Three community-level variables were included to reduce community-level variability in outcomes. The percentage of students receiving free or reduced-price lunch and the total number of students in the community in thousands were obtained from the National Center for Educational Statistics for the 2003–2004 school year. Additionally, an indicator for Utah was included because these students were uniformly lower in levels of substance use. When community matching was explicitly modeled, the Utah adjustment was unnecessary.
Data Analysis
In 2012, multi–level latent class analysis (MLCA) estimated in Mplus43 was used to examine the effects of CTC on the probability of students’ membership in latent classes. The multi-level component of the model accounted for the fact that communities rather than individual subjects were randomized.44,45 The least restrictive, fully random approach33 was used to account for clustering between communities in the probability that a student would be in each latent class versus the reference class (abstainer was the reference class in this case). Because communities rather than individuals were randomized to condition, fixed and random effects for the probability of membership in each class were included to maintain the nominal type I error rate. Full information maximum likelihood estimation allowed for the inclusion of subjects with missing data, except those missing data on all variables.
Because the meaning of latent classes may change across time and samples, it is important to also verify that classes are replicated with independent data; results of these analyses are only valid in populations where these latent classes exist. Previous analyses of eighth grade students found support for both four and five-class solutions in independent samples collected in communities from the same states.33 For this study, the five-class solution was also replicated for an independent sample of tenth graders (Appendix A).
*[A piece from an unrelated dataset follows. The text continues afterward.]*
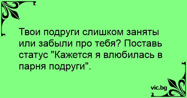 Твои подруги слишком заняты или забыли про тебя? Поставь статус "Кажется я влюбилась в парня подруги".

Initial analyses found that the differences between communities in the distribution of students across classes were greater than those shown in previous analyses as indicated by intraclass correlation coefficients (ICCs) for latent class means ranging from of 0.05 to 0.10. This is problematic because higher ICCs for the outcome(s) lower statistical power to find treatment effects.46,47 Community-level covariates were included in the analyses to account for these differences. The meaning of the latent classes was virtually unchanged, but the ICCs for class means decreased to between 0 and 0.03, due primarily to communities in Utah compared to other states. Rates of substance use and problem behaviors were much lower in Utah communities and thus there were far more abstainers (Table 2).
Table 2.
Effects of the Communities that Care intervention on latent classes
| 8th Grade | 10th grade | |||||
|---|---|---|---|---|---|---|
| Estimate | SE | OR | Estimate | SE | OR | |
| Experimenter versus Abstainer Class
|
||||||
| Intercept | −2.09 | 0.17 | −1.49 | 0.29 | ||
| CTC treatment | 0.06 | 0.08 | 1.06 | −0.21 | 0.16 | 0.81 |
| Free/reduced lunch | 2.57 | 0.41 | 13.07 | 0.64 | 0.60 | 1.90 |
| Number of students | 0.03 | 0.03 | 1.03 | 0.12 | 0.05 | 1.13 |
| Community in Utah | −0.71 | 0.12 | 0.49 | −1.03 | 0.26 | 0.36 |
| Random intercept | 0.00 | 0.00 | ||||
| Alcohol Use versus Abstainer Class
|
||||||
| Intercept | NA | −1.32 | 0.27 | |||
| CTC treatment | NA | −0.37 | 0.18 | 0.69 | ||
| Free/reduced lunch | NA | 0.20 | 0.53 | 1.22 | ||
| Number of students | NA | 0.05 | 0.07 | 1.05 | ||
| Community in Utah | NA | −1.44 | 0.48 | 0.24 | ||
| Random intercept | NA | 0.07 | 0.04 | 1.07 | ||
| Drug Use versus Abstainer Class
|
||||||
| Intercept | −2.99 | 0.30 | −1.36 | 0.30 | ||
| CTC treatment | 0.10 | 0.08 | 1.11 | −0.11 | 0.15 | 0.90 |
| Free/reduced lunch | 2.29 | 0.56 | 9.87 | −0.37 | 0.59 | 0.69 |
| Number of students | 0.04 | 0.08 | 1.04 | 0.15 | 0.03 | 1.16 |
| Community in Utah | −0.80 | 0.46 | 0.45 | −1.62 | 0.19 | 0.20 |
| Random intercept | 0.10 | 0.04 | 0.04 | 0.04 | ||
| Problem Behavior versus Abstainer Class
|
||||||
| Intercept | −3.94 | 0.58 | −3.62 | 0.37 | ||
| CTC treatment | 0.40 | 0.25 | 1.49 | 0.16 | 0.15 | 1.17 |
| Free/reduced lunch | 0.40 | 1.16 | 1.49 | 1.63 | 0.75 | 5.10 |
| Number of students | 0.26 | 0.09 | 1.30 | 0.08 | 0.05 | 1.08 |
| Community in Utah | −1.80 | 0.45 | 0.17 | −1.22 | 0.29 | 0.30 |
| Random intercept | 0.12 | 0.12 | 0.00 | 0.00 | ||
Note: Analyses use data from 2010 included 4,671 8th graders and 4,810 10th graders who were in the cross sectional Communities that Care sample. The alcohol use class was not included in the 8th grade analyses. Number of students was divided by 1,000 in analyses.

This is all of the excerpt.